Кука разбудил нас в шесть утра, на него напала деловитость: яростно громыхая, он налаживал снасть для ужения рыбы; усердствовал отчаянно, не обращая внимания на наши протесты. Ну, а когда мы с Котлом вылезли из палатки, на дереве висел плакат: «Прошу извинения за то, что, начиная работать вовремя, ставлю вас в неловкое положение». «Все-таки Кука безнадежно ограничен, — подумал я, — у него взгляд на три сантиметра, не больше» (я имел в виду не остроту зрения, а широту интересов и интеллигентность, что кроме всего — умение не создавать неудобства другим). Попутно замечу — дерево, на котором висел плакат Куки, почему-то торчало перед палаткой, хотя, я точно помнил, вечером оно находилось далеко в стороне. Похоже, на острове деревья по ночам перемещались.

Кука стоял у воды с удочкой, стоял, отклячив известную часть тела (со спины он был похож на глиняного идола); заметив нас, приложил палец к губам и, уставившись на воду, процедил: «Тц-ц-ц!». Я проследил за его взглядом и увидел, как в воде под корягой мелькнула тень.

— Обними меня медведь, если ее не поймаю! — шепнул Кука.

Кука знал все: как построить веревочный мост через пропасть, найти воду в пустыне, откачать утопленника и, конечно, знал, как хватать рыбин голыми руками. Бросив удочку, прямо в одежде он прыгнул в воду и стал шарить вокруг коряги. Потом скрылся за кустами, долго нырял и фыркал, потом вдруг как завопит:

— Помогите, тону!

— Ишь, актер! — безучастно хмыкнул Котел. — Не мог найти другого места топиться, все лилии загубил. Совершенно не думает о сохранении природы. Лилии, кстати, в Красной книге. Кука экологически абсолютно безграмотен. После набегов таких туристов-варваров природа долго не может залечить раны. Подобные туристы, как золотая орда, все сметают, и после них на земле свалка: бутылки, консервные банки. В жаркий день, кстати, бутылки, как линзы, зажигают сухие травы, начинаются пожары. И туристы все берут «на память», рвут самые крупные цветы. Во времена моего детства ромашки были с блюдце, колокольчики со стакан, а сейчас?!

— Да, массовый туризм наносит ущерб природе, — согласился я.

— Это для природы жуткие мини-катастрофы, — вздохнул Котел. — В некотором смысле.
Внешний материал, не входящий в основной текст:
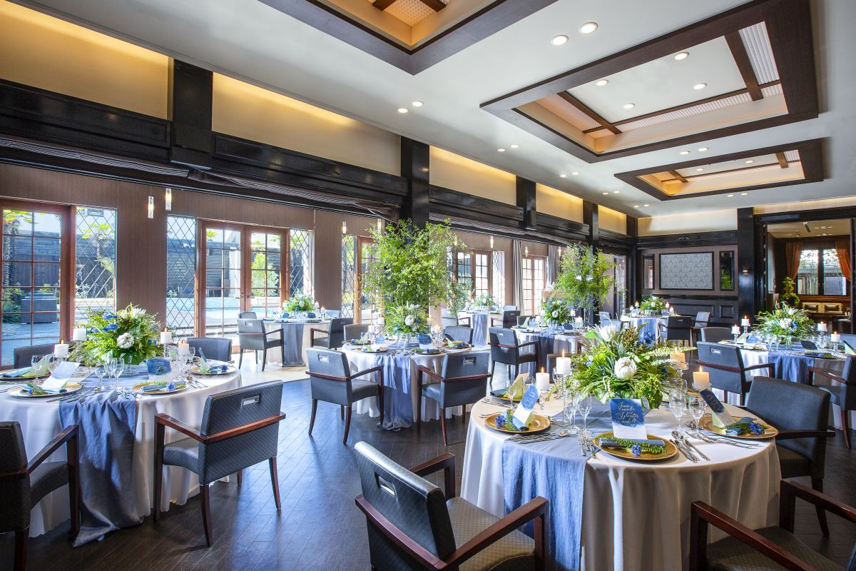貸切で広々使えるプール付きのガーデンは海外ウエディングの様なスタイルが人気の会場です。

— Тону! — послышалось снова.

— Может и правда тонет? — встревожено обмолвился я.

— Ничего, вода прозрачная, найдем, — сонно протянул Котел.

— Заковыристый случай! — отряхиваясь, Кука вылез из воды со скорбным выражением лица, выругался и плюнул.
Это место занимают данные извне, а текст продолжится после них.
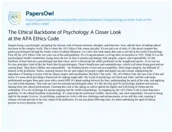 This lively essay delves into the essence and significance of the APA Ethics Code in the field of psychology. Portraying the code not just as a set of rules but as the moral compass of the profession, it explains how this dynamic document guides psychologists through ethical dilemmas. The essay illuminates the evolution of the code since 1953, emphasizing its role as the backbone of trust and integrity in psychologist-client relationships. It breaks down the code’s five key principles – beneficence and nonmaleficence, fidelity and responsibility, integrity, justice, and respect for people’s rights and dignity – each serving as a guiding star for ethical practice. The piece further explores how the code functions more as a framework for decision-making rather than a strict set of directives, highlighting its importance in navigating the complex, often gray areas of psychological practice. Additionally, the essay underscores the code’s significance in shaping the ethical foundations of psychology students and trainees. Concluding on a reflective note, it portrays the APA Ethics Code as the ethical heartbeat of psychology, a document that evolves with the field, ensuring the profession remains credible and true to its core values. On PapersOwl, there’s also a selection of free essay templates associated with Ethics

Ясное дело, он упустил рыбу, но его купальный этюд навел меня на мысль: «здесь стоит порыбачить». Вы знаете, есть люди совершенно нетерпеливые, которые, если не клюет, не просидят с удочкой и минуты, но там рыба бросалась прямо на берег. Я даже банку с червями спрятал за дерево. За полчаса сноровисто, филигранными подсечками я поймал четырех голавлей. «Четыре четное число, — подумал. — Нехорошо, надо поймать пятого». Поймал пятого, подумал: «Ну, уж где пять, там и шесть»… Так и ловил, пока руки не устали. К слову, я рыболов высокого класса; можно сказать, мастер рыбалки.
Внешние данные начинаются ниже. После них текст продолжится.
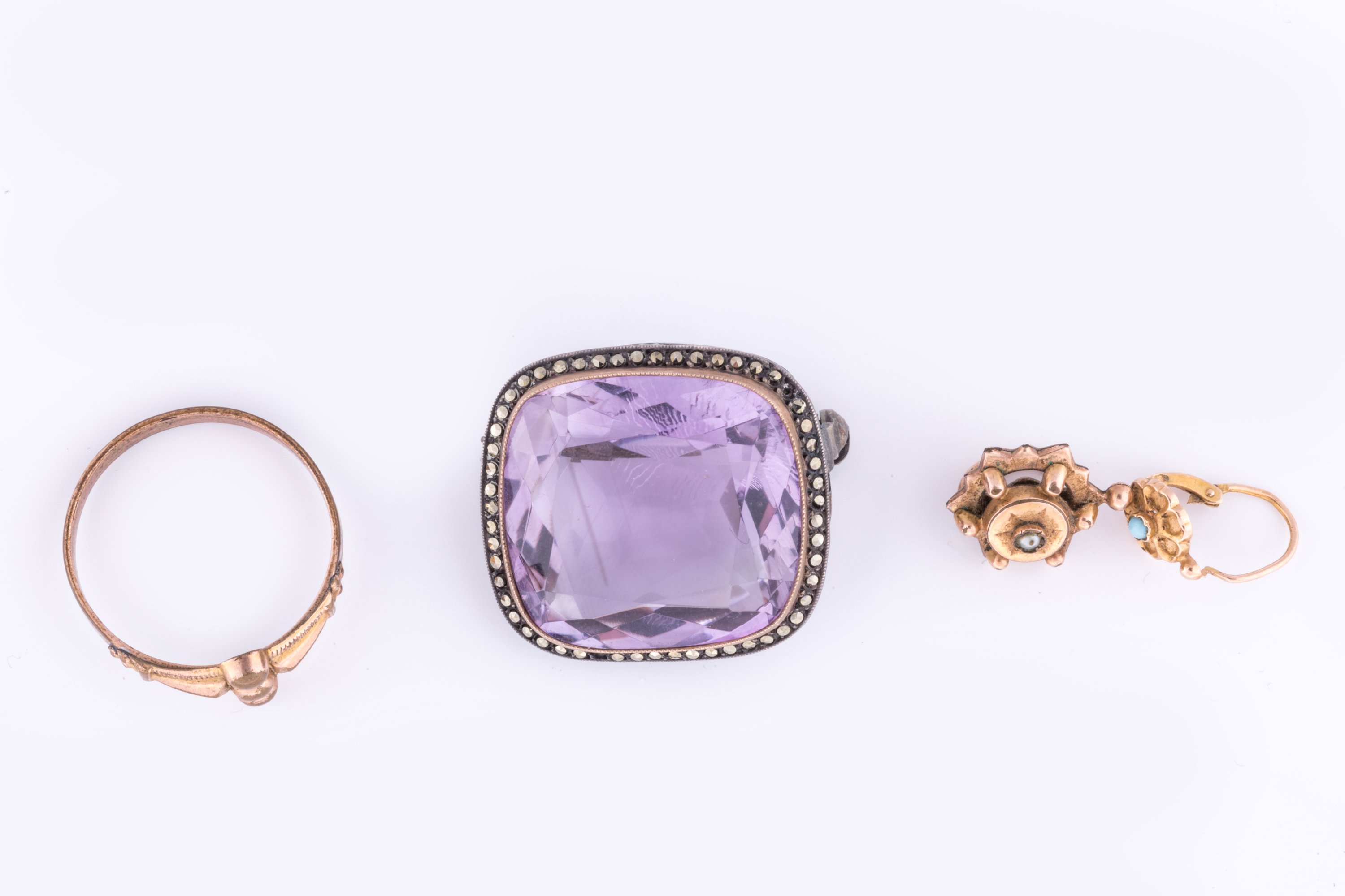- Une broche en métal de forme carrée, sertie d'un verre teinté à l'imitation d'une pierre. Haut. 23 Larg. 23 mm.

— Отличные рыбы, — щелкнул языком Котел, когда я подошел. — Устроим праздничный обед. Давно свежей рыбки не пробовал. А говорят на парижском рынке ее видимо-невидимо: от карасиков до гигантских макрелей. И чуть на какой пятнышко, отдают бесплатно. Одни берут для кошек, другие себе, и продавцы при этом улыбаются: «Пожалуйста, мадам», «Пожалуйста, месье». А у нас грубят на каждом шагу. И продавцы, и официанты, и таксисты. И всех надо уговаривать: чтоб обслужили, довезли. Если кто вежливо ответит или извинится, на него смотришь, как на инопланетянина… Так сколько хвостов ты поймал, Чайник?

— Зубы у себя во рту считай, — остановил я Котла и протянул улов Куке (он уже разжег костер и закурил трубку).

Боюсь, вы не знаете, что приятели бывают духовные и удобные. Объясняю. Духовным приятелем Кука никак быть не мог — и потому что его черепок плохо варит и, естественно, из-за своего бескультурья, а удобным более-менее мог.

Кука взял мои первоклассные рыбы небрежно, словно куль с семечками, достал свой нож с узким, источенным до нитки лезвием (он постоянно держал оружие в боевой готовности) и бойко принялся потрошить рыбу — от него в разные стороны полетели чешуя, плавники, пузыри. Котел начал чистить песком сковородку.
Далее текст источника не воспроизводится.